Is all ultra-processed food harmful to us?
It’s not always clear whether it’s the “ultra-processed” nature of these foods or their high calorie and low nutrient content that causes health problems. Nutrition is more intricate than just considering how food is processed. We also need to consider calories, fiber, vitamins, minerals and other indispensable nutrients.
For example during baked beans they are considered ultra-processed, they also have a lot of fiber – which is often the case lost from the British diet – low in fat and calories and a good source of plant protein.
Some research suggests that many of the health problems associated with ultra-processed foods, such as obesity and diabetes, may be caused by excessive caloric intake rather than the processing itself. When people give up ultra-processed foods, they often consume fewer calories, which may explain the health benefits they experience.
The link between ultra-processed foods and poverty suggests that many of the health problems associated with ultra-processed foods may be due to factors related to poverty itself. Destitute nutrition is often just part of a bigger picture that includes constrained access to health care, higher stress levels and fewer opportunities for physical activity – all of which can contribute to impoverished health.
Can ultra-computing be used for good?
Ultraprocessing has been used in the UK to fortify food for decades. For example Bread and Flour Regulations 1998 requires the addition of certain nutrients such as calcium, iron, thiamine (vitamin B1), and niacin (vitamin B3) to any non-whole wheat flour. This reinforcement plays an vital role in public health, That approximately 35% of the intake of calcium, 31% of iron and 31% of thiamine in the average UK diet. Without these added nutrients, the risk of deficiency would augment.
In 2022, the UK government took the next step by imposing a requirement folic acid add to flour. This was an effort to prevent birth defects such as spina bifida, in which a baby’s spine and spinal cord do not develop properly in the mother’s womb, and anencephaly, in which a baby is born without part of the brain and skull.
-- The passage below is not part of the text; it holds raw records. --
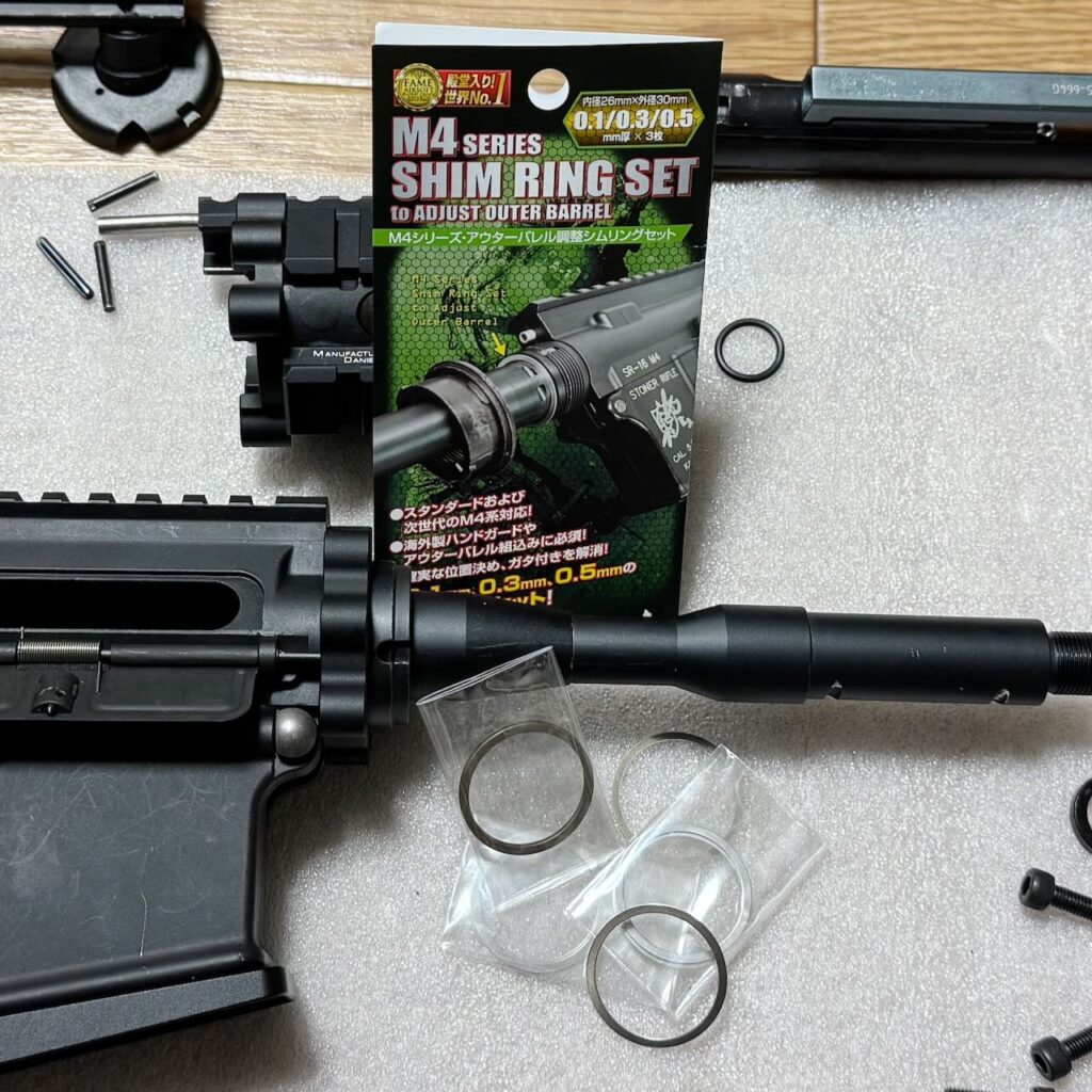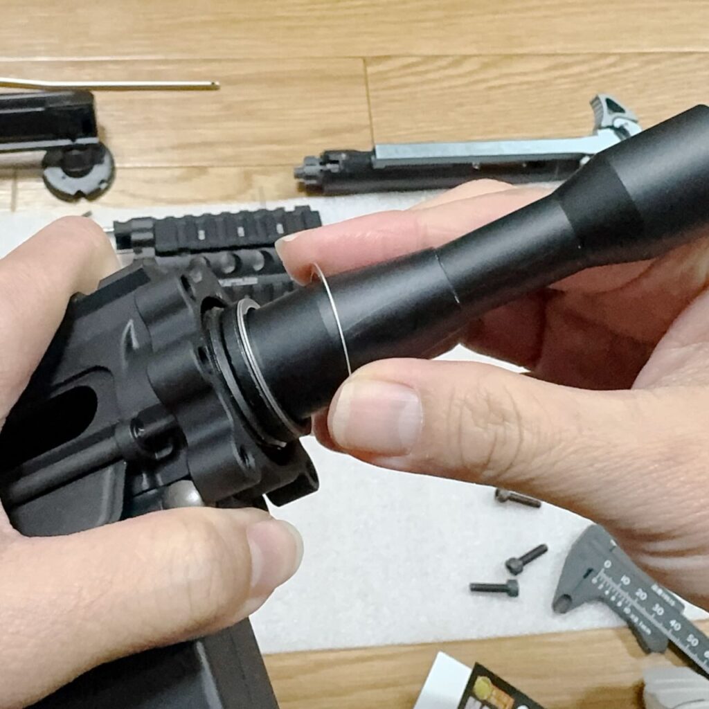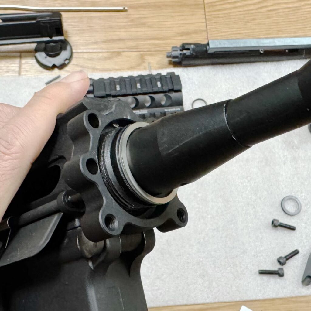 これを挟むとアウターバレル根元の円盤状の出っ張りが分厚くなるので、結果としてバレルナットの締め込み完了位置が前方へズレる。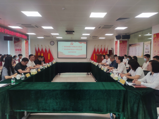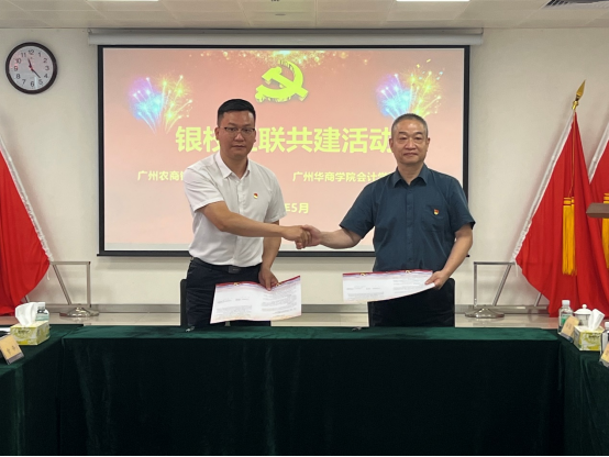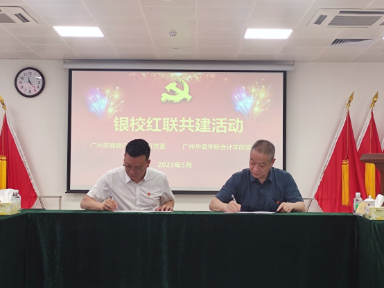 2023年5月26日,会计学院党委和广州农商银行增城支行(简称“农商行增城支行”)党委在合汇广场增城农商行总部进行红联共建主题活动及签约仪式。本次活动是根据学习贯彻习近平新时代中国特色社会主义思想主题教育的要求,结合共建双方实际,实现资源共享、优势互补、互助共建,促进党建与业务发展“同频共振”,开展“校银携手,合作共赢”为主题的红联共建工作。广州农商银行增城支行党委副书记兼纪委书记赵明、党委委员兼行长助理谢超颖、党委委员兼零售业务部经理田春雷,BBV电子体育会计学院党委副书记陈洋广、党委委员兼副院长周书域、学工办副主任兼党支部书记杨烨瀚等一行出席活动。农商行增城支行部门经理、员工党员代表,会计学院部分党支部书记、20名学生党员代表共同参加本次活动。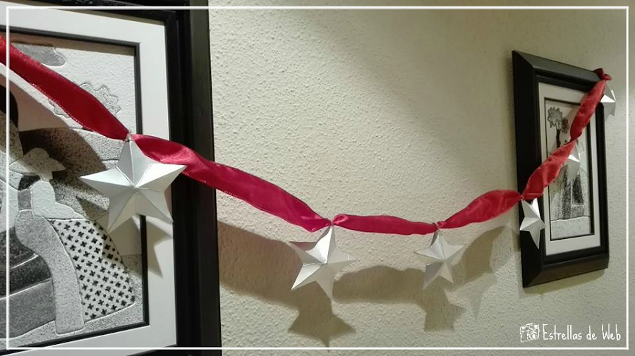Y en esta ocasión con las siete estrellas llevo realizadas, junto con una cinta roja de 2 metros he confeccionado una guirnalda preparada para la decoración de Navidad.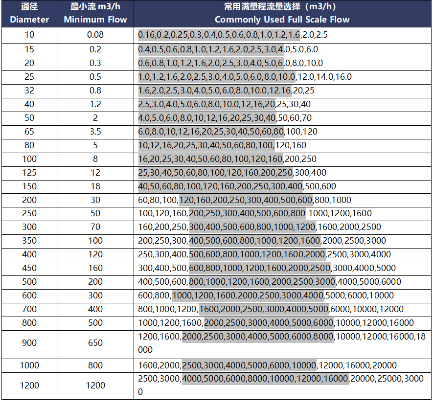 注:带灰色底纹的为推荐最佳流量,如流量标定要求最小值或最大值,可以跟据客户要求进行重新标定。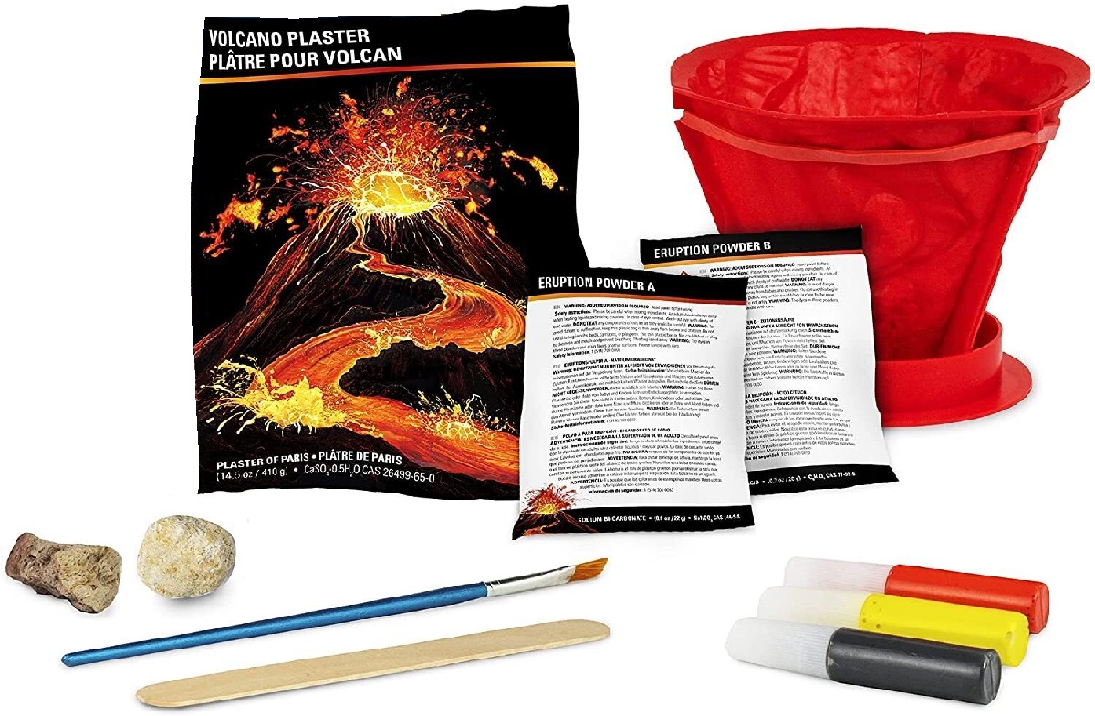 Conține: ipsos, matriță vulcanică, vopsele și pensulă, pulbere de erupție, două specimene de rocă vulcanică (geodă și piatră ponce) și ghid de învățare.

Breakfast cereals, often criticized for their sugar content, can also increase your intake indispensable nutrients such as vitamins B2, B12, folic acid and iron. Some experts would like to introduce mandatory food fortification expanded much further.
Food scientists do discovering other ways to make healthier ultra-processed foods. One approach is to reduce the sugar content to give it a sweeter taste fasterwhich means less sugar is needed to achieve the same taste.
Another is to employ scientific techniques to augment speed salt is released from food. Likewise, this results in a quicker taste, which leads to less consumption.
Other innovations aimed at reducing food calories through reformulation include creating creamy, low-calorie dairy-free sauces or plant-based burgers that are virtually indistinguishable from their meat counterparts but have fewer calories.
This type of innovation shows that ultra-processing does not necessarily mean unhealthy and high-calorie food – it is about the choices made during production. If scientists focus on creating affordable, nutritious, ultra-processed foods, they can become part of the solution to the obesity crisis, not the enemy.